July 7th, 2016 at 3:57 pm
I’ve been watching “Cody’s Lab” on YouTube, (my girlfriend calls him my “new crazy guy”) and watching him extract or purify metals from ores and dirt at home makes me wonder just how hard would it be to build a Thorium reactor? (My “old” “crazy guy” on YouTube is JMEMantzel )
In the midst of this California drought, living on the edge of the San Francisco Bay, I keep thinking that a nice Thorium reactor down by the water powering a desalination plant would do wonders for the whole water conservation thing. After all, most of the water infrastructure (all?) is currently based on snow-melt and rainwater. Some of this needs to be used specifically to replenish groundwater, so groundwater doesn’t count. The bay is tidal, so it won’t be emptied until/unless the Pacific Ocean level drops by several hundred feet, but the Golden Gate protects the bay from tsunami by acting as a choke point.
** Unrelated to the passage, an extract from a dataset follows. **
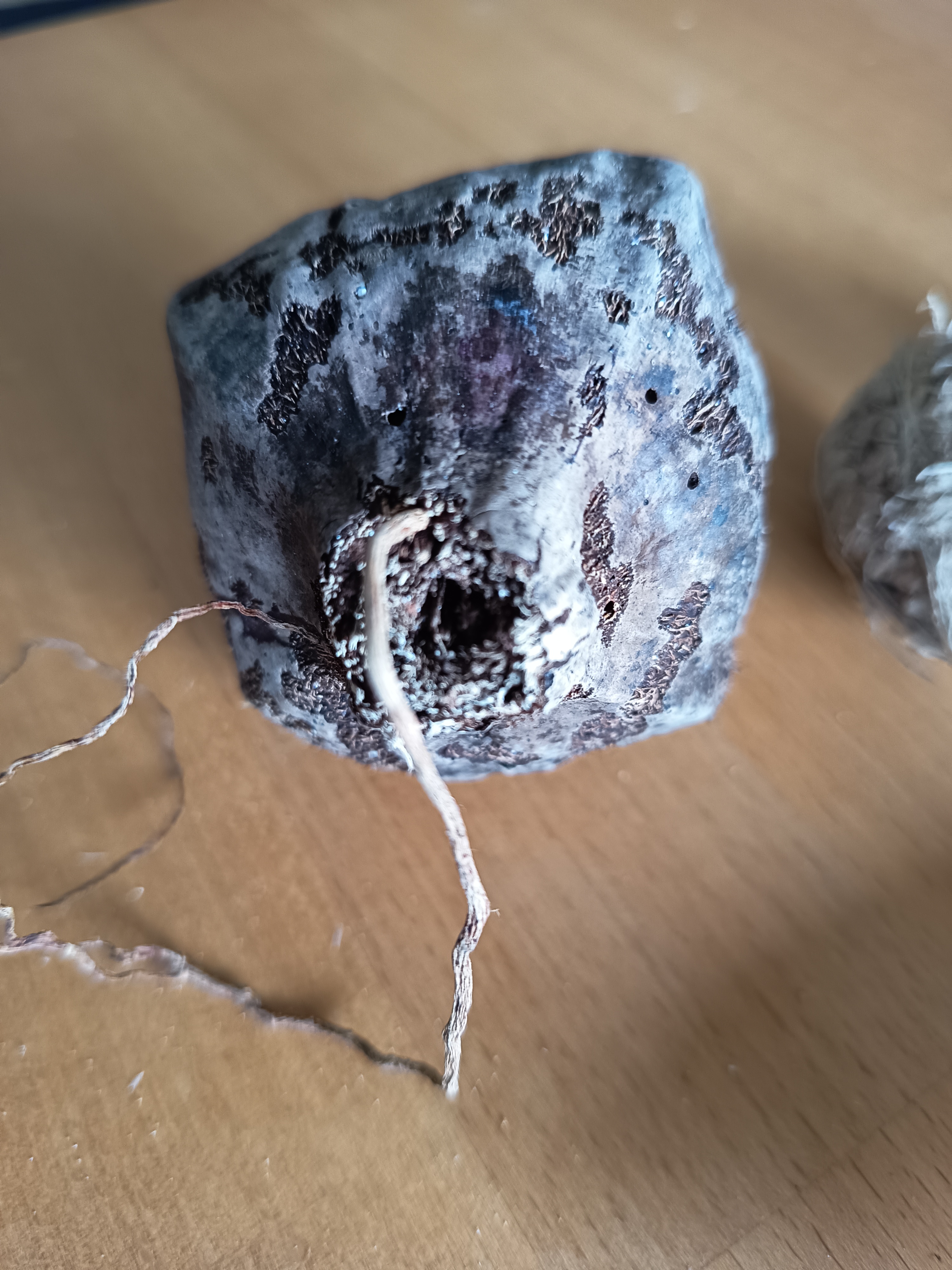 Auch hier ist innern ein Wattestopfen vorhanden, aber vermutlich sind sie hier zwischen den Kabeln raus. Anders kann ich es mir nicht erklären.
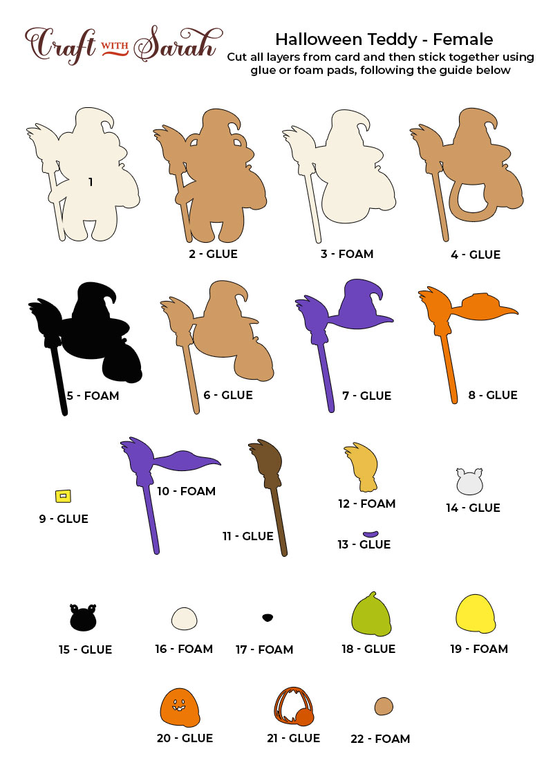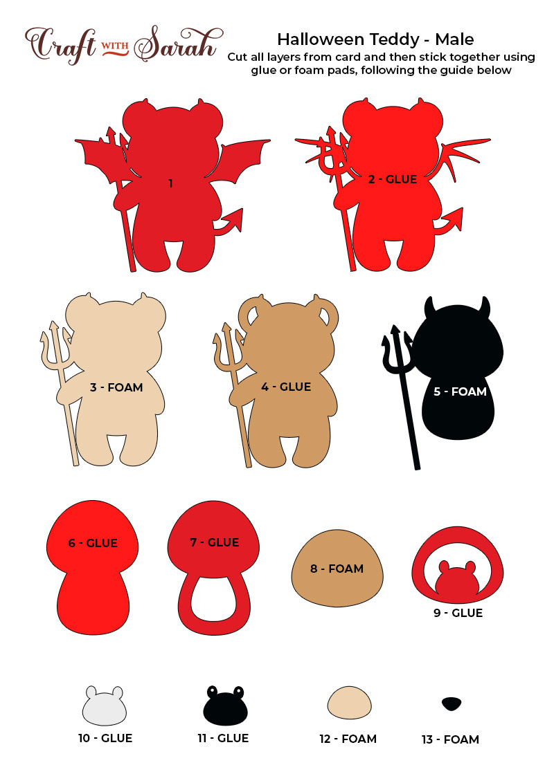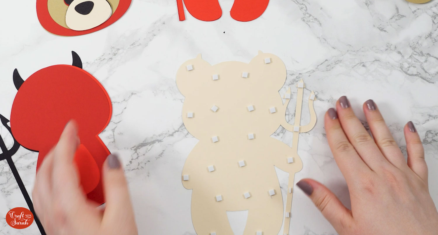 Continue sticking the pieces together, following the assembly guides, until your Halloween teddy bears are all finished.

Since a thorium reactor is so relatively small, the structure that houses it could be made earthquake proof (6 standard shipping containers in two levels of 3 would be enough space for the reactor).
“let’s ban the *#%# bombs” – yup. It also amazes me just how paranoid people are about ionizing radiation, they act like ANY is TOO MUCH. They don’t realize how much ionizing radiation they get exposed to in normal sunlight. Makes me sad along the same lines as people actually voting to ban di-hydrogen-monoxide.